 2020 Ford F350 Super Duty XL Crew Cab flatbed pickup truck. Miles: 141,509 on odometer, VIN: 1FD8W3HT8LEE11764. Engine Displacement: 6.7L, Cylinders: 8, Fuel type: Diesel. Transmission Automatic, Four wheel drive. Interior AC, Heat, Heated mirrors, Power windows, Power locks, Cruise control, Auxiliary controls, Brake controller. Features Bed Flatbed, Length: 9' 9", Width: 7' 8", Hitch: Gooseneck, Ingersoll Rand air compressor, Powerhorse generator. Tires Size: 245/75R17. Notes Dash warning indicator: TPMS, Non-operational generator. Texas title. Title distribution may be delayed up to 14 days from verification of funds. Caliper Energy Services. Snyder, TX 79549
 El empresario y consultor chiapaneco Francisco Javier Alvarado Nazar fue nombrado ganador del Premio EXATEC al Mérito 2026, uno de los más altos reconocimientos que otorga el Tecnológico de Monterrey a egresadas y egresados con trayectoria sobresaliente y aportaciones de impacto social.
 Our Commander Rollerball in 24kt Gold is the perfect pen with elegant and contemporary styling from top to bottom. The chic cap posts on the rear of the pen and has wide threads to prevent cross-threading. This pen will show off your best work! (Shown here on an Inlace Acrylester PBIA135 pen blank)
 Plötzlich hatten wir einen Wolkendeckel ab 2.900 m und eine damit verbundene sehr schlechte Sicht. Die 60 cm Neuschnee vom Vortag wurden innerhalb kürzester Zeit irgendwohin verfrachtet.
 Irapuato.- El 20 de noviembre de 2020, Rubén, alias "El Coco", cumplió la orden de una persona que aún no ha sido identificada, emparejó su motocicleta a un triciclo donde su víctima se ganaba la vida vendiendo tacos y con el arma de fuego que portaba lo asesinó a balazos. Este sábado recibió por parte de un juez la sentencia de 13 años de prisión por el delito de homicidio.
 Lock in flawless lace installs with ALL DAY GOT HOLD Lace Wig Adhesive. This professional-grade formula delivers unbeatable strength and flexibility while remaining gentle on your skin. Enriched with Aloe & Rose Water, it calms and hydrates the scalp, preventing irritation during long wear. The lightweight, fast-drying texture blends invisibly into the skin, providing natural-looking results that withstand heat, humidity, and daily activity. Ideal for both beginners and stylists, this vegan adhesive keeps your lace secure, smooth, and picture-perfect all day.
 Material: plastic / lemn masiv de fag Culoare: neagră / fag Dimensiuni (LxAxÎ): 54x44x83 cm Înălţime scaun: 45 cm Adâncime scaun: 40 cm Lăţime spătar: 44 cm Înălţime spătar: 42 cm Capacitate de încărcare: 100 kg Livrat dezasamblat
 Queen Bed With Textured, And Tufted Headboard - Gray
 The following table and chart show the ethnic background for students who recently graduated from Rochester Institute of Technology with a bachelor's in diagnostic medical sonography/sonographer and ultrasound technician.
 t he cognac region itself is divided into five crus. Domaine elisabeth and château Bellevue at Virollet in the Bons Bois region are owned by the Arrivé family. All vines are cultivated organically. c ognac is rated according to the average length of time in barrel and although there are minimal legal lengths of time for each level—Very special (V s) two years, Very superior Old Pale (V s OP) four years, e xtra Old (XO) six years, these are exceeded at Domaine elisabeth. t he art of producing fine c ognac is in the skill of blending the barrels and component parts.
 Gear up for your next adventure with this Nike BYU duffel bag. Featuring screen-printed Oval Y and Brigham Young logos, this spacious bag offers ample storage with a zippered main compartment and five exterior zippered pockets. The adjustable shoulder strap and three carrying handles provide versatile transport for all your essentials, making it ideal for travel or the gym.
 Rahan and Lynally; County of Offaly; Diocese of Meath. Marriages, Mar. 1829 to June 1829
+++
● The problem
Word for word, reproduce the listing above from its start up to and including the line that has "Our Commander Rollerball". Give only those lines.

● Response area
 2020 Ford F350 Super Duty XL Crew Cab flatbed pickup truck. Miles: 141,509 on odometer, VIN: 1FD8W3HT8LEE11764. Engine Displacement: 6.7L, Cylinders: 8, Fuel type: Diesel. Transmission Automatic, Four wheel drive. Interior AC, Heat, Heated mirrors, Power windows, Power locks, Cruise control, Auxiliary controls, Brake controller. Features Bed Flatbed, Length: 9' 9", Width: 7' 8", Hitch: Gooseneck, Ingersoll Rand air compressor, Powerhorse generator. Tires Size: 245/75R17. Notes Dash warning indicator: TPMS, Non-operational generator. Texas title. Title distribution may be delayed up to 14 days from verification of funds. Caliper Energy Services. Snyder, TX 79549
 El empresario y consultor chiapaneco Francisco Javier Alvarado Nazar fue nombrado ganador del Premio EXATEC al Mérito 2026, uno de los más altos reconocimientos que otorga el Tecnológico de Monterrey a egresadas y egresados con trayectoria sobresaliente y aportaciones de impacto social.
 Our Commander Rollerball in 24kt Gold is the perfect pen with elegant and contemporary styling from top to bottom. The chic cap posts on the rear of the pen and has wide threads to prevent cross-threading. This pen will show off your best work! (Shown here on an Inlace Acrylester PBIA135 pen blank)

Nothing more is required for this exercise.